One possible reason that EFIRM showed less signal variations and performed better in saliva could be that EFIRM has a higher analytical sensitivity than ddPCR. We determined the relative sensitivity/limit of detection (LOD) of ddPCR and EFIRM using mimic ctDNA samples prepared from sheared gDNA (140–200 bp) of human lung cancer cell lines HCC827 and H1975 harboring exon 19-del and L858R mutations, respectively [15]. Serially diluted, sheared gDNA samples (140–200 bp) were used for linearity and limit of detection (LOD) determination by ddPCR and EFIRM. Both ddPCR and EFIRM showed a high degree of linearity (Supplementary Figure S1). In evaluating the LOD based on the standard deviation of the response and the slope in the linear region, the LODs of EFIRM detection for exon 19-del and L858R were determined to be 7.3 and 8.9 genome equivalents (Supplementary Figure S1A,B), respectively, while ddPCR’s LODs were 8.2 genome equivalents for exon 19-del detection and 4.9 genome equivalents for L858R detection (Supplementary Figure S1C,D). Overall, the sensitivities/LOD of EFIRM and ddPCR assays were comparable for exon 19-del and L858R ctDNA detection.

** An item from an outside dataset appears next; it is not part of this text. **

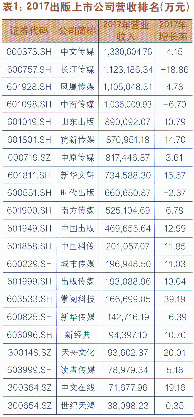 截至2018年4月28日,沪深两市共有出版传媒上市公司21家,分别为长江传媒、新华传媒、出版传媒、时代出版、中文传媒、中文在线、凤凰传媒、中南传媒、皖新传媒、大地传媒、天舟文化、城市传媒、读者传媒、新华文轩、南方传媒、中国科传、新经典、中国出版、掌阅科技、世纪天鸿、山东出版。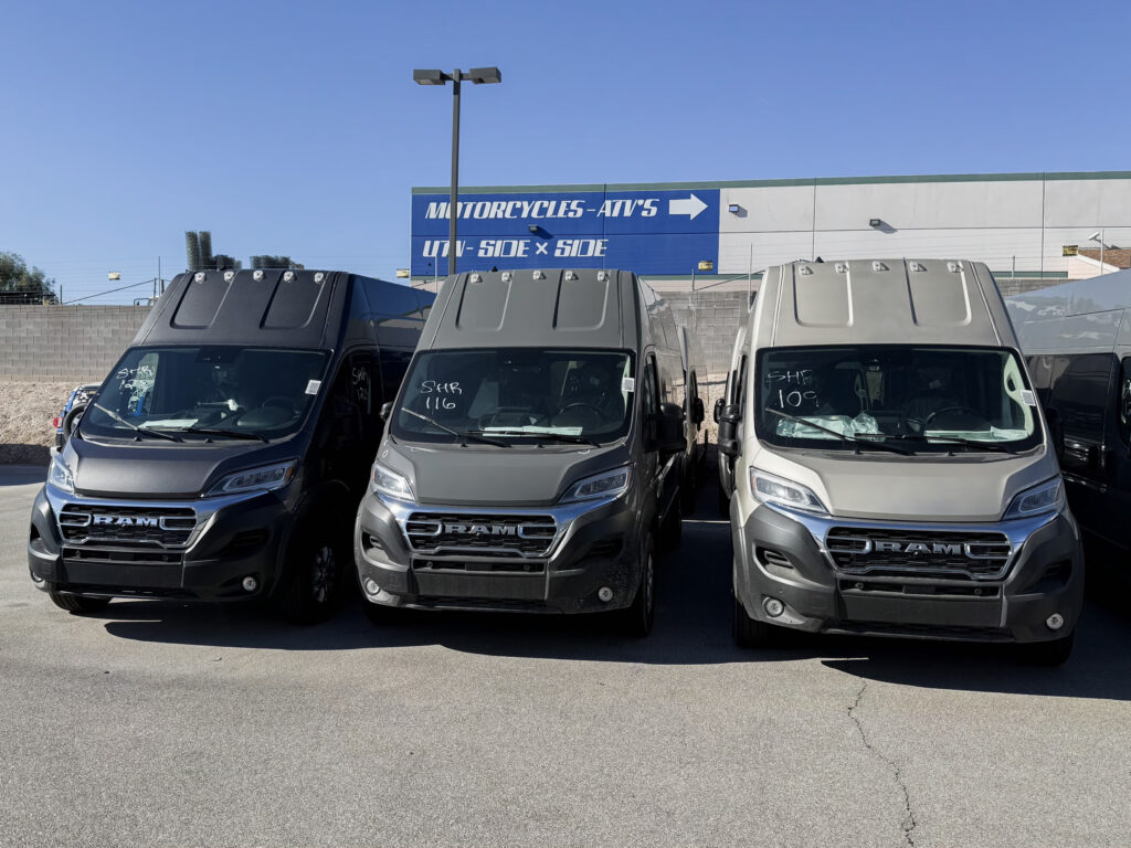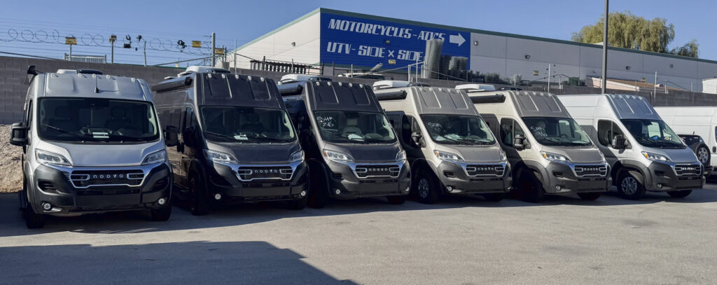 To finalize our choice of color for our Noovo, we drove down to the headquarters in Las Vegas. We met Sloan (our factory rep), who we had met before at the Tahoe RV show in October, and he gave us a tour of the factory, and he showed us the vans.

2.2. Size of ctDNA Fragments Impact EFIRM and ddPCR Detection
Another possible factor for EFIRM’s enhanced performance in clinical samples could be the fragmentation of ctDNA. Theoretically, ddPCR and other PCR-based methods can only amplify the ctDNA fragments longer than the amplicon length (usually longer than 70 bp) and containing both primer binding sites. The fragmentation of ctDNA targets will affect the sensitivity of ddPCR. However, EFIRM is an electric field-enhanced molecular hybridization assay with a capture probe as short as 9 nt followed by a detector probe (~20 nt). The theoretical minimal physical requirements for EFIRM detection of ctDNA are 30 bp. [26,27] The differential physical requirements of target ctDNA for EFIRM and ddPCR led us to hypothesize that there are PCR-undetectable ctDNA targets in bodily fluids of NSCLC patients that can be detected by EFIRM.
To test this hypothesis, we compared the performance of EFIRM and ddPCR in detecting the EGFR L858R mutation in vitro using various lengths of gDNA fragments (140 to 750 bp) from the human H1975 lung cancer cell line harboring the L858R mutation (Figure 2A). Results of ddPCR showed that the number of measurable DNA copies of L858R ctDNA decreased (from 279 to 102 copies) as gDNA was fragmented into increasingly smaller sizes (Figure 2B). This indicates that the detection of L858R by ddPCR is dependent on the fragment size of the ctDNA.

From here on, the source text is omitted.